Likewise, any babyfaces he goes up against will seem inadequate to get over because they won't be cheered against someone who is logically supposed to be a villain.
Then again, logic has been thrown out the window with the Money in the Bank situation. Having Strowman call the shots for Hell in a Cell took away all the surprise and fun of that gimmick and also flies in the face of his heel turn.
If he's a jerk who aligned himself with Dolph Ziggler and Drew McIntyre to beat down Reigns, why didn't he cash in his title shot right then to win the Universal Championship when it was a given he would have won since The Shield was incapacitated?
For that matter, what is the momentum of this heel turn from Hell in a Cell onward?
If The Monster beats Reigns on September 16, that will require the company having the golden boy drop the belt quickly after being crowned, which goes against that story of triumph. After that, heel Strowman on top is just a rehash of Brock Lesnar's title reign.
However, if Strowman loses—the much more realistic scenario—it isn't going to make Reigns more beloved and it will already take the top storyline away from The Monster Among Men. It will simply create further tension between fans who don't want The Big Dog on top and WWE pushing that idea.
Then, there's nowhere to go but down, as Strowman has already lost his world title shot and there's no bigger babyface—at least in a kayfabe sense—than Reigns.
Every future opponent is lesser than what has already happened. Nobody will care about some feud against Bobby Lashley because nobody cares about Lashley as it is.
If WWE needed heels to go up against Reigns, McIntyre and Baron Corbin could have fit the bill, along with Kevin Owens. For that matter, turn Bobby Roode, since he's been sinking on Raw. Or maybe turn Lashley to try to get some crowd reaction at all out of his presence.
Those guys are now lower on the totem pole with Strowman being a heel, so their careers don't receive any boost, either.

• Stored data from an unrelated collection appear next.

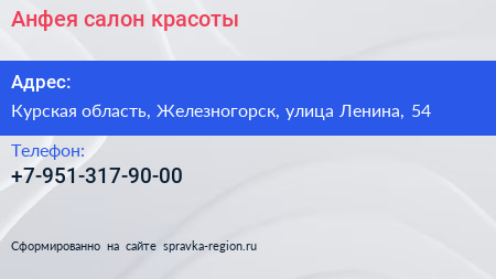 Анфея, салон красоты по адресу Курская область, Железногорск, улица Ленина, 54 в дальнейшем Организация, размещена в следующих категориях: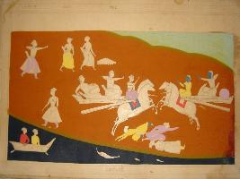 | Description / विवरण | Miniature painting based on Mahabharat - fight between Arjun and Bhishma. Krishna is driving Arjun s chariot. Many other men are shown. It is an incomplete painting. |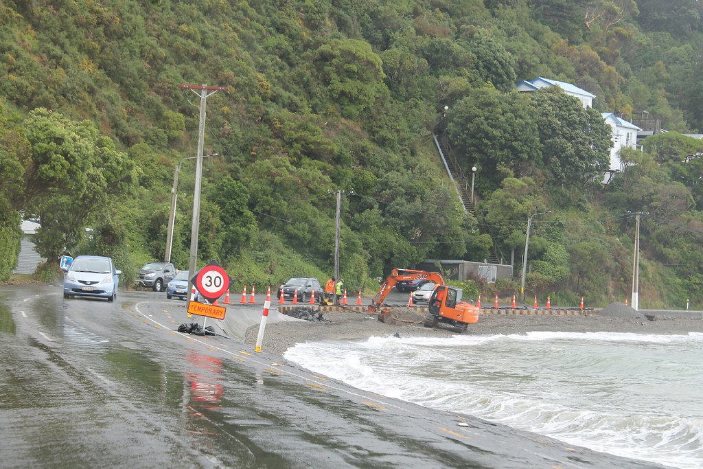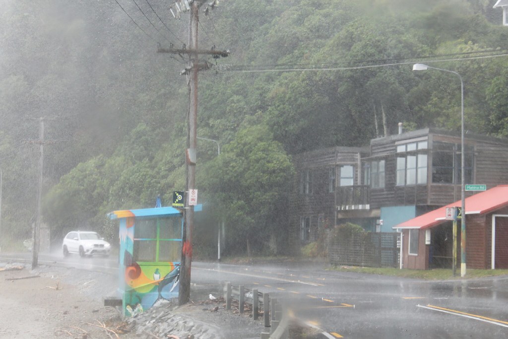 Doch dann fahren wir in dicke Wolken. Wir orten kurz den Zeltplatz in Lower Hutt, einem Vorort. Aber es stürmt gerade so, dass wir erstmal an der Küste entlang weiterzuckeln.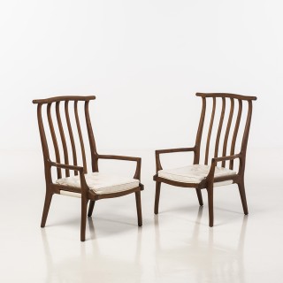 ƒ Kipp Stewart (né en 1928) Paire de fauteuils Noyer, roti ...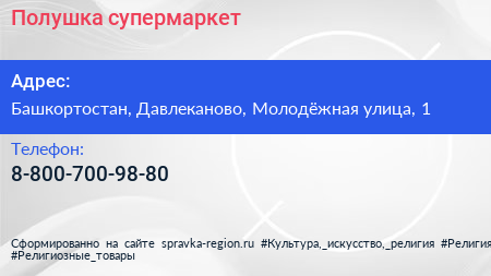 Полушка, супермаркет по адресу Башкортостан, Давлеканово, Молодёжная улица, 1 в дальнейшем Организация, размещена в следующих категориях: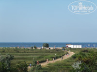 Пляж ракушечный недалеко от пансионата. Лежаки, гамаки, проблем с этим не было. Море мелкое, но зато волны были шикарные, до 1,5 метров в высоту, дети были в восторге.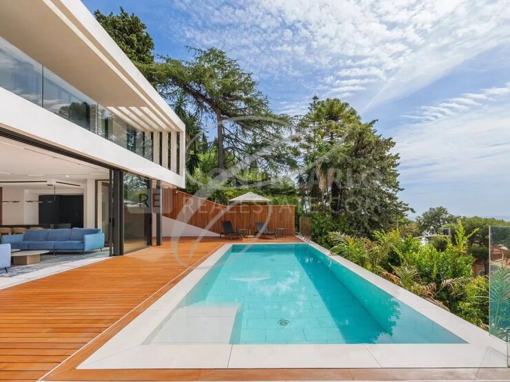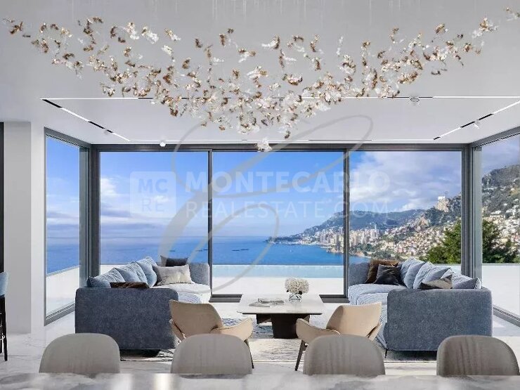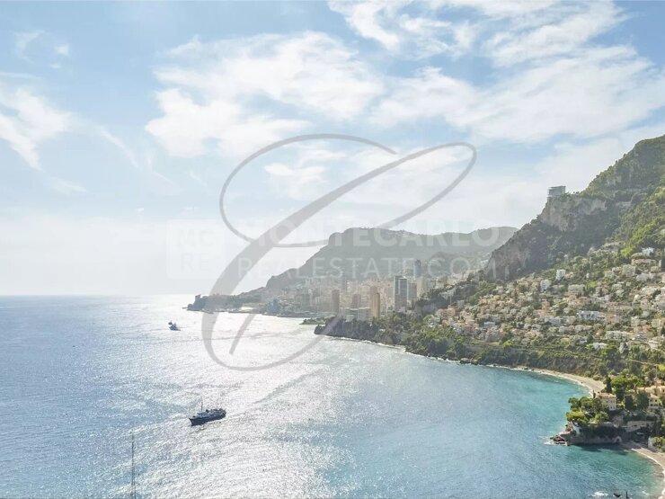 Facing the bay of Monaco, luxurious new contemporary villa furnished in the heart of a garden with a panoramic sea and Monaco view. Double reception, equipped kitchen, 5 bedrooms with en-suite bathrooms. Cinema room. Spa with relaxation room, hammam/sauna, and gym. The entire villa is served by two elevators. A large garage completes this exceptional property.

And those who think Vince McMahon doesn't care about heels and babyfaces anymore and simply wants a reaction in general are ignoring how Strowman's actions were purposely demonstrative to illustrate a heel turn with him holding up Ziggler's and McIntyre's hands.
If he were still a babyface or even a tweener, he would have simply let Reigns get beaten up and then either walked away or taken out Ziggler and McIntyre after the fact, too, like he's done in all other scenarios for the past year.
Then, WWE could have gotten the same mixed reaction and pro-Strowman buzz out of a babyface vs. babyface match that will happen with a heel Monster Among Men, but after the fact, Raw's Mountain of a Man wouldn't be stuck trying to find his place on the card.
Reigns—a talented guy who has been stuck with the stigma of ruining everything by association—will continue to be booked exactly as he's been for years, with WWE not learning any lessons, and Strowman will be forced to suffer the consequences of this mistake.
The Universal Championship will stay on The Big Dog as the company drives this even further into the ground, further hurting the title's lineage with even more months of frustration, while Strowman will go from having the full audience behind him to having some people boo him just because they're told to.
Thus, another mixed-reaction Superstar muddies the waters, just like Reigns, Cena, the heel Rusev who was cheered but WWE didn't want to turn for months, the heel Lynch fans love but aren't supposed to support, and the babyface Flair fans are supposed to be behind but will oppose.
In an era when the powers-that-be are seeking another Hogan or Austin and could have had it with someone as over as Strowman, they've chosen to outright kill his momentum because it was the audience who picked him, not themselves.